If the religious violence continues and takes the shape of a civil war, Iraq would be divided into three pieces and this will have serious political and strategic effect on the region as a whole. The Shias would obviously align with Iran and thus strengthen Iran's hand which will be bad not only for the west but also for the Arabs as Arabs would not like the emergence of Iran -- the old Persian empire. The emergence of a Kurdish state would be opposed, if necessary militarily, by Turkey. The Sunnis would have a good number of friends in the Arab world as most of the other Arab countries have overwhelmingly large Sunni populations. Thus the Sunnis' hands are likely to be strengthened.

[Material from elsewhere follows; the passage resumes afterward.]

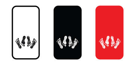 The black footprints on the wall are mystical. Footprints in a gloomy Halloween style. Photos with noises, grain - Halloween, paper decorations.
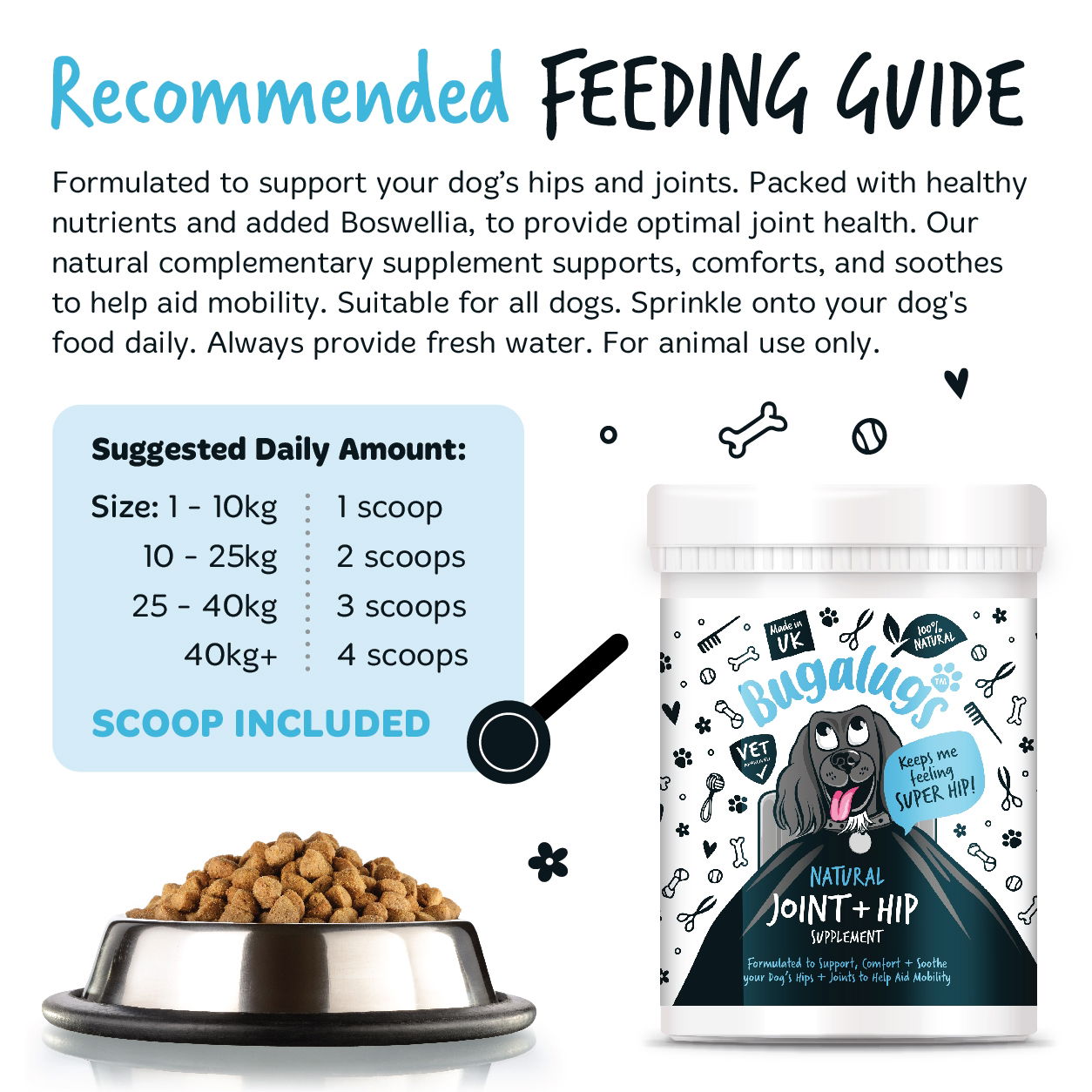 Suggested Daily Amount: Dog’s Weight Scoops per Day Up to 10kg 1 scoop 10 to 25kg 2 scoops 25 to 40kg 3 scoops 40kg + 4 scoops

This three dimensional development would be ruinous for the region as a whole, but benefit only Israel. It has been reported that President Bush personally telephoned several leaders of all sects and emphasized on working together to form an inclusive government. Indeed, this is the only option the Iraqi leadership has if they want to keep the country together. It seems to be in the US interest, too, to keep Iraq together as otherwise the Bush administration would be blamed for the break up of a UN member. This will also create serious political and strategic problems for the US and the west.

It is also generally believed that the Iraqis -- whether Shias, Sunnis, or Kurds -- are first Iraqi nationalists and their differences in terms of religious sects take the second position. This is probably due to their ethnic ties coming through generations. Saddam was probably depending on that tie too and this is why he could fight the Iranians with only small opposition from the Shia community in Iraq. Now everything depends on how Iraqi leaders -- both political and religious -- deal with the present situation.

The political and religious should sit together and go for an understanding on sharing of the governance responsibilities. Shia leaders should understand the gravity of the situation. They have to take into account the problem of insurgency which is so far mainly against American occupation -- something Shias share with Sunnis. In case the religious violence continues, the insurgents would also turn their guns and bombs against the Shia community and that would be terribly dangerous; the sheer number of Shia population who are not really involved in open insurgency, would not be able to withstand Sunni insurgents attacks against them. The Sunnis are also likely to get support from other Sunnis in the region.

Civil war in any form is dangerous and terribly destructive. This must be avoided at all costs and only then both political and religious leaders would be able to work on the common agenda of having American military occupation vacated. This seems to be the American agenda, too, as both Congress and the people of America want to take their troops back home as quickly as possible as they cannot continue to bear the human losses any more.

But occupation of some sort would continue, it's a disease that once it afflicts a country does not go away that easily. Iraqis are very unlucky. They had Saddam's political occupation -- his dictatorial rule -- for nearly 30 years; now it's foreign occupation -- occupation of another kind, probably not deadly in terms of human lives once the war is over, but certainly deadly in terms of Iraq's sovereignty.

Muslehuddin Ahmad is a former Ambassador.